Promising Outcomes of Original Grant:
The formation of large alpha-synuclein protein inclusions in the brain is the pathological hallmark of Parkinson’s disease but whether those inclusions are the actual culprits remains unknown. We have now reasons to believe that smaller forms of asyn with altered structure, known as oligomers, may be more toxic for cells. In our original project we set out to establish a system in which to visualize these smaller forms, which had not been observed in living cells. We performed a pilot RNAi screen and identified genes which interfere with the formation of those forms of asyn, either promoting or inhibiting their formation.
Objectives for Supplemental Investigation:
The major goal for this supplemental investigation is to complete the RNAi screen with the full library of knock down constructs in order to identify additional genes which influence the formation of asyn oligomers. Using the system we established in the initial funding period, we will now extend the pilot study to cover the whole set of genes available in the library. We expect to identify both genes which promote or prevent the formation of oligomeric species. Once the screen is concluded, we will erform follow up experiments to validate the results and to confirm the effects of the most promising genes. Importantly, we will investigate whether modifiers of asyn oligomerization also affect the formation of large asyn inclusions (similar to Lewy bodies), to understand the origin of cellular toxicity, which remains a central question in PD research.

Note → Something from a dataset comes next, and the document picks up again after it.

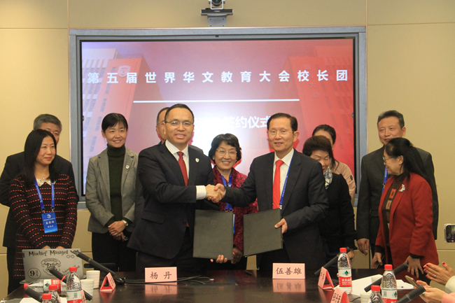 12月18日,“第五届世界华文教育大会”校长团北京外国语大学座谈会举行。北外校长、党委副书记杨丹,党委副书记、副校长贾文键,英国中文教育促进会会长伍善雄,意大利中文学校联会会长陈小微及来自欧、亚、非、南美4大洲16个国家的35名华校机构负责人出席会议。会议由北外华文教育基地常务副主任李伟群主持。

Importance of This Research for the Development of a New PD Therapy:
Previous intervention strategies have used asyn aggregation as a therapeutic target, but the question still remains of whether those are the toxic culprits. This research will enable us to use pre-aggregated forms of asyn as targets, and to identify genes which modify their formation. Once these genes are identified, we will be able to develop small molecules capable of modifying the levels of those genes, in the hope that this strategy may provide the underpinnings for novel PD therapies.

Final Outcome

This second period of funding enabled us to proceed with the RNAi screen and to identify additional modifiers of alpha-synuclein oligomerization. Interestingly, in the different categories of genes identified, we found both genes which promote and reduce the formation of alpha-synuclein oligomers, suggesting it might be possible to interfere with the process in different ways. We also discovered that some of the modifiers altered the intracellular distribution pattern of alpha-synuclein, and we are now exploring these effects in more detail in follow-up studies. Ultimately, we expect to be able to design small molecules that are capable of inducing similar effects, to be tested in vivo in pre-clinical models of PD.